Acidosis is common in grain fed cattle and causes symptoms for the cow that resemble pneumonia.
Other gastrointestinal problems often result from feeding grain to cattle and are uncomfortable and painful at best, and fatal at worst (The Omnivore's Dilemma by Michael Pollan has some great info on the problems resulting from grain feeding.)
That we continue to 'improve' farming methodology by harming other living beings on an increasing scale should, I believe, be anathema to more of us...

The Environment:
The reason why the proposal was initially turned down was an environmental one.
Condensing large numbers of cattle into small areas provides for increased problems with waste and run off. Should these not be dealt with, it is potentially devastating, particularly for local water quality and water based environs.

The Economy:
I actually think that this is one of the primary areas we need to look at in New Zealand, and one that is seemingly ignored.
The argument has been framed as one of 'progress and capitalism vs. environmentalism'. But in reality that picture is not so.
Commodity based industrial practices have dominated our farming for a long time. We have had considerable success in this, and factory farming would be seen by many as a way to continue and preserve this advantage. However our advantage may be running out...
Countries such as Uruguay and Argentina among others have huge amounts of land and an abundant and cheap workforce, great cattle stock and a history of farming that rivals ours.
Do we really believe that in the face of competitors like these we will be able to keep our competitive advantage?
It is possible...but not assured and I dare say highly unlikely.
By factory farming, proponents say that we can more intensely and more cheaply produce the commoditised goods that have supported our economy for so long.

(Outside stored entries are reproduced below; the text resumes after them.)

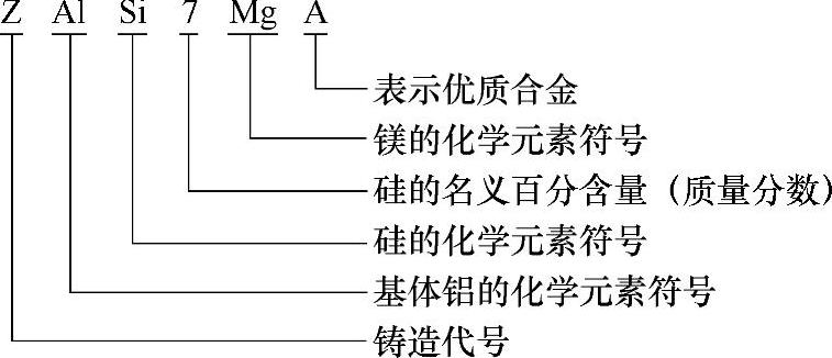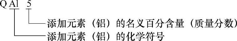 (2)铸造有色合金 铸造有色合金牌号由铸造代号“Z”和基体金属的化学元素符号、主要合金的化学元素符号(其中混合稀土元素符号统一用RE表示),以及表明合金元素名义百分含量的数字组成。对杂质限量要求严、性能高的优质合金,在牌号后面标注大写字母“A”。示例如下:
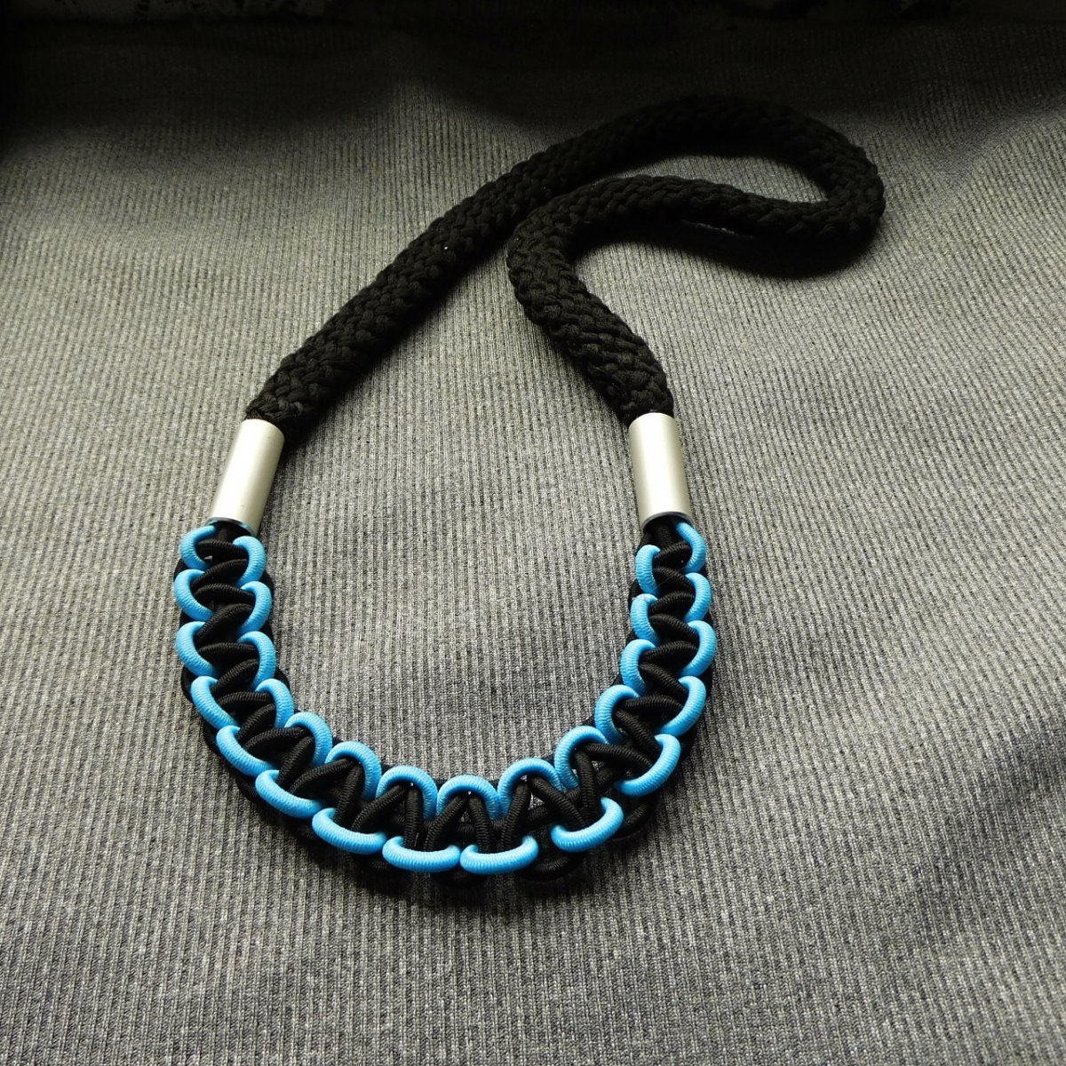 Pletený náhrdelník z černého lana, pletené ozdůbky modročerné a trubiček z eloxovaného hliníku..... .....
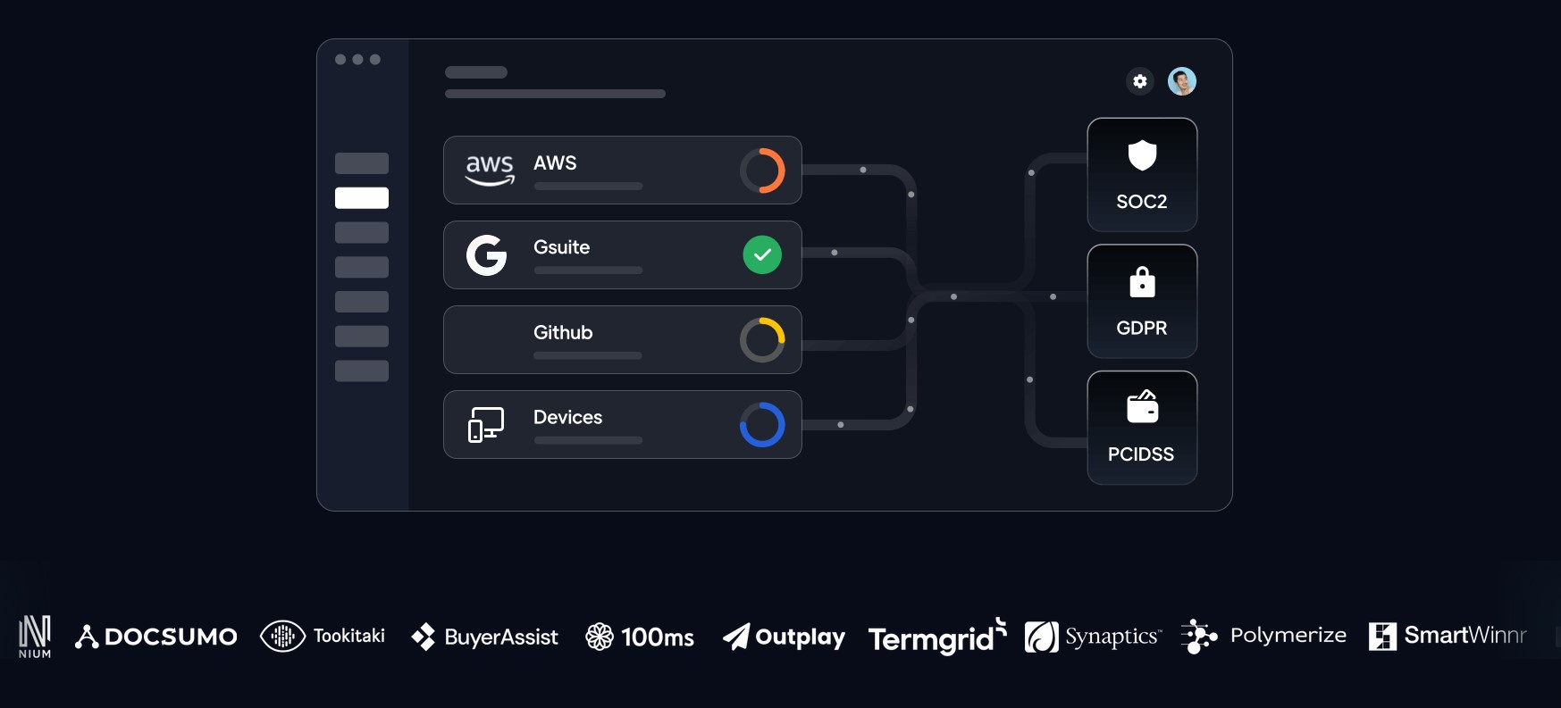 Supports frameworks like SOC 2, ISO 27001, HIPAA, GDPR, and PCI

This to me seems to be the beginning of a battle we are sure to lose.
We are sure to lose I believe because we would be giving away the primary economic advantage we will have in the future!
NZ is still seen as clean and green, although we are doing a stellar job of squandering that...

I have seen in my travels around the world the welcome growth of organic, sustainable products and industry and WE are in a prime position still to take advantage of that.
One way to future proof yourself is to have an economic advantage in emerging markets - to be an early up-taker...and while we are not early enough by my estimation, we can still capitalise on the great image and infrastructure we have (with a little tweaking) to shift some of our agricultural commodity production into greater value added niche and custom products. Products that are not as easily replicable (commodities have no inherent point of difference and so only have price point competition) and that help to preserve our economic future. In other words products that are organic, sustainable, grass fed...and uniquely NZ!

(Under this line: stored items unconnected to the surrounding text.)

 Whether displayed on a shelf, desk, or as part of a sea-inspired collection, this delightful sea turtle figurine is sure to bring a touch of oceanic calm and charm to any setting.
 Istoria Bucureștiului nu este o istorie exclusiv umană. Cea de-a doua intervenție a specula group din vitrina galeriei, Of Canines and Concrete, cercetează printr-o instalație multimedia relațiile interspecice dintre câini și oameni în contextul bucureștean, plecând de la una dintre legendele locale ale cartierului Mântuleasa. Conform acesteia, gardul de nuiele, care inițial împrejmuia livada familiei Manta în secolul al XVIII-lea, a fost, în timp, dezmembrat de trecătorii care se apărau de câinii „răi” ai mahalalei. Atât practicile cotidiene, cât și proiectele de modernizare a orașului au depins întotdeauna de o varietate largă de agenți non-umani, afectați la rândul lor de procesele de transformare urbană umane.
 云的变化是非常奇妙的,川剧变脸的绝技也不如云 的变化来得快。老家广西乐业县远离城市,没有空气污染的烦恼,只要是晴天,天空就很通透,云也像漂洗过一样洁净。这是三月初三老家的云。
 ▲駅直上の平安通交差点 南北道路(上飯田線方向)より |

By not letting cattle roam free and eat grass we are stopping them from exercising their inherent 'cowness'! We have a Utopian idea of 'farming', but rest assured that modern farming  is not that of our distant forebears. The farming that exists now in many countries and threatens to appear here in the form of buildings housing thousands of unhappy, unhealthy, grain fed and completely and inhumanly incarcerated animals is an abhorrence.

Please let's get this thing going again! Sign up to the petition here: http://www.ipetitions.com/petition/banfactoryfarming_nz/

And:
If so inclined contact your local MP or a list MP and voice your opposition to factory farming. Feel free to use the points presented here. [Here is how to contact your MP]

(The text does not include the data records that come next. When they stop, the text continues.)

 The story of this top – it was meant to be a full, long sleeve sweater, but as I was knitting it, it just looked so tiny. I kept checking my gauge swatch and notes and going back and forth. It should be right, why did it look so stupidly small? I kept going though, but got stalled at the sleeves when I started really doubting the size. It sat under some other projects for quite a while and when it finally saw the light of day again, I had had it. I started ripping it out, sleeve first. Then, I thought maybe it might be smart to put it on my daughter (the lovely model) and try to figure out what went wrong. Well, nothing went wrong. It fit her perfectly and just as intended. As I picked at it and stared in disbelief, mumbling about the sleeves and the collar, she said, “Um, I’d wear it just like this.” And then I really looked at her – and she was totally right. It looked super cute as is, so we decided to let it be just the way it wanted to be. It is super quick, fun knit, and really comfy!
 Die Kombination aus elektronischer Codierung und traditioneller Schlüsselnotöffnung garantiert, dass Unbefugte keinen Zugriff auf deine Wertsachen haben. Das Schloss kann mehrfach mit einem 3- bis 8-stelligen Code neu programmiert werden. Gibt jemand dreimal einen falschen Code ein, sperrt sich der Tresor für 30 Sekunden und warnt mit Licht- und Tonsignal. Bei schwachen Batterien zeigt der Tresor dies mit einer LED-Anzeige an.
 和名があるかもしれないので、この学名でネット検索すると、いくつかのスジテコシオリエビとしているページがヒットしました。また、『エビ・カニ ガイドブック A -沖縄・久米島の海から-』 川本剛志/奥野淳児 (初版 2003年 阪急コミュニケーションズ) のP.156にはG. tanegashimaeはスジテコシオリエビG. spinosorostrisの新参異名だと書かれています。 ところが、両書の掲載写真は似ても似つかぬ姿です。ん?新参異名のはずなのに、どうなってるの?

Here's just a few of the other things you can do:
1. Become Vegan or Vegetarian (The North American Vegetarian Society is running a competition with a $1000 prize for people who choose to abstain from meat for the month of October - Vegetarian Awareness Month)
2. Choose ONLY organic, grass fed beef and other meats.
3. Choose ONLY organic, grass fed dairy and milk products.

I'm not saying you HAVE to do these things....I'm simply asking that you think about how your actions affect your health; the health and happiness of other living beings; our environment and; our economic future.